На следующее утро никто не будил меня, мне никуда не надо было, впервые я встала с кровати в шесть вечера, и это тоже было какое-то невероятное забытое ощущение — то ли встать, то ли нет, и чем заняться? Вообще, вот это ощущение выходного дня, когда ты проснулся и еще не знаешь, чем бы именно тебе заняться — кому-то позвонить и вместе позавтракать, остаться валяться дома и смотреть кино в кровати, сделать какие-нибудь дела, а то и вовсе поехать за город в гости, — это какая-то забытая и очень приятная неизвестность.
В это время дети слонялись по дому, потому что у папы дома была деловая встреча. Иногда Лёва звонил и рассказывал, что он посмотрел мультики, что Яша спит на полу на ковре (показывал мне, что так и есть), что позавтракал он мороженым (вроде оказалось неправдой) и что скоро у папы закончится встреча и они почитают. С одной стороны, меня всегда восхищает отцовское умение забросить детей — я бы никогда не назначила деловую встречу дома, дети бы не слезали с меня, я бы перенесла встречу на будний день, поэтому я отчасти завидую этому умению.

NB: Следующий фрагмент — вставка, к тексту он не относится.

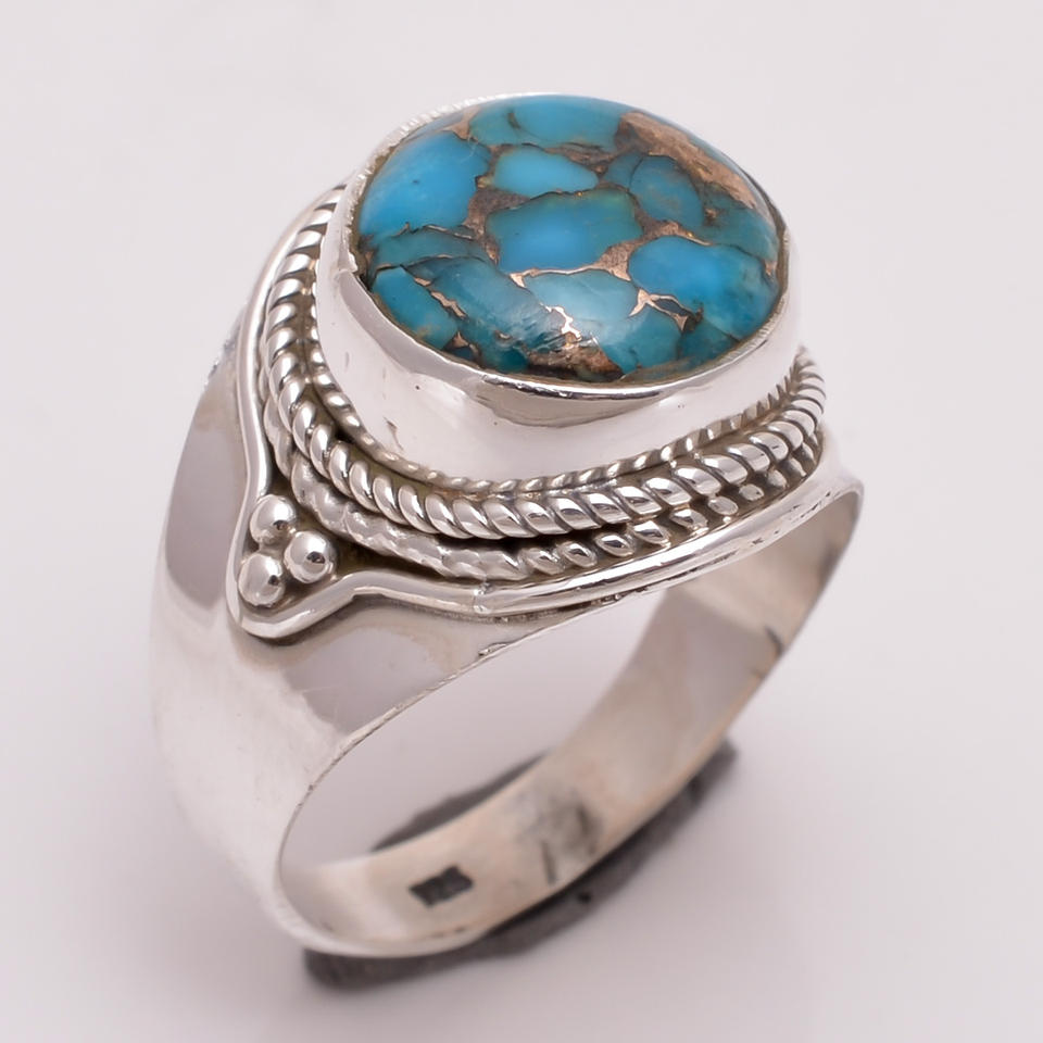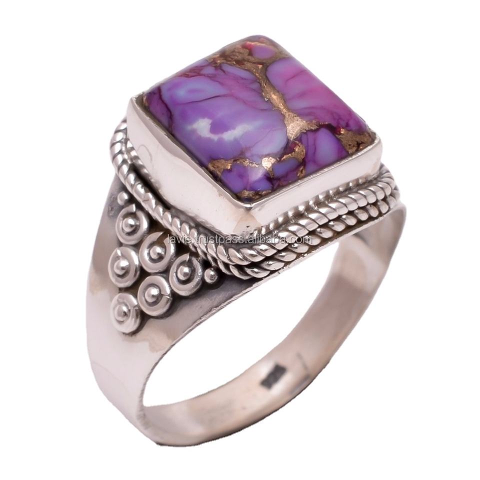 Anillos de bodas de plata fina hechos a mano, joyería de piedras preciosas turquesa de cobre púrpura Natural personalizada, fabricante exportador experto clásico

С другой стороны, мне хотелось, чтобы встреча немедленно закончилась, Яшу положили в кровать, Лёве почитали, умыли бы его и накормили, но сама я уже пятый час не могла из кровати встать, так что мои претензии звучали бы странно.
Вечером на дне рождения моей подруги я поймала себя на том, что не понимаю, почему здесь какие-то чужие дети, зачем они на взрослом дне рождения, если мои собственные дети далеко.
Еще через день я поняла, что только постоянная работа может помочь мне не думать о том, почему я сейчас так далеко от собственных детей. Муж ни разу не жаловался, правда, стал каким-то немного отсутствующим, и наши разговоры постепенно сводились к детям и к тому, что он хочет спать. Как-то у него стали гаснуть глаза. Мой родной дом, в котором я так мечтала остаться одна, стал каким-то бессмысленным. Стало совершенно непонятно, что в нем делать — даже убирать нет никакого смысла, если никто не разбрасывает по нему вещи, игрушки и муку. Если б я чуть лучше переносила алкоголь — я бы пила каждый вечер, но, к сожалению, я на это не способна.
К концу первой недели я поняла, что у человека есть ровно столько свободы, сколько он сам хочет. Что то, как я живу с детьми и мужем, когда мы вместе, — это ровно столько свободы, сколько я хочу. Что то, как живет с нами их папа, — ровно столько, сколько нужно ему. И мне совершенно некуда деть больше свободы, а он тоскует от ее уменьшения. Он прекрасно может справиться с детьми один, а я когда-то прекрасно справлялась одна без всех, но тот порядок, который у нас установился, гораздо лучше нам подходит. Я не могу получать удовольствие от выпивания и от того, что не поцелую детей на ночь, оказалось даже, что я читаю с трудом, если для этого не надо отвоевывать свой час тишины.
Если вы смотрели хоть один из американских фильмов с этим распространенным сюжетом, когда люди меняются телами, — вы уже знаете финал. К концу любого из этих фильмов все мечтают вернуться в свое собственное тело. Но возможным это становится только тогда, когда они окончательно поймут и примут то тело и ту роль, о которой они мечтали. Банально, но факт.
С пачкой киндер-сюрпризов, чупа-чупсов и машинок, как добропорядочный далекий отец, я прилетела через две недели к детям. И уже никогда больше не оставляла их, не роптала на свою материнскую долю и не сердилась на папу, что он что-то делает не так. Это, конечно, не совсем правда, но у этого сюжета не может быть другого финала.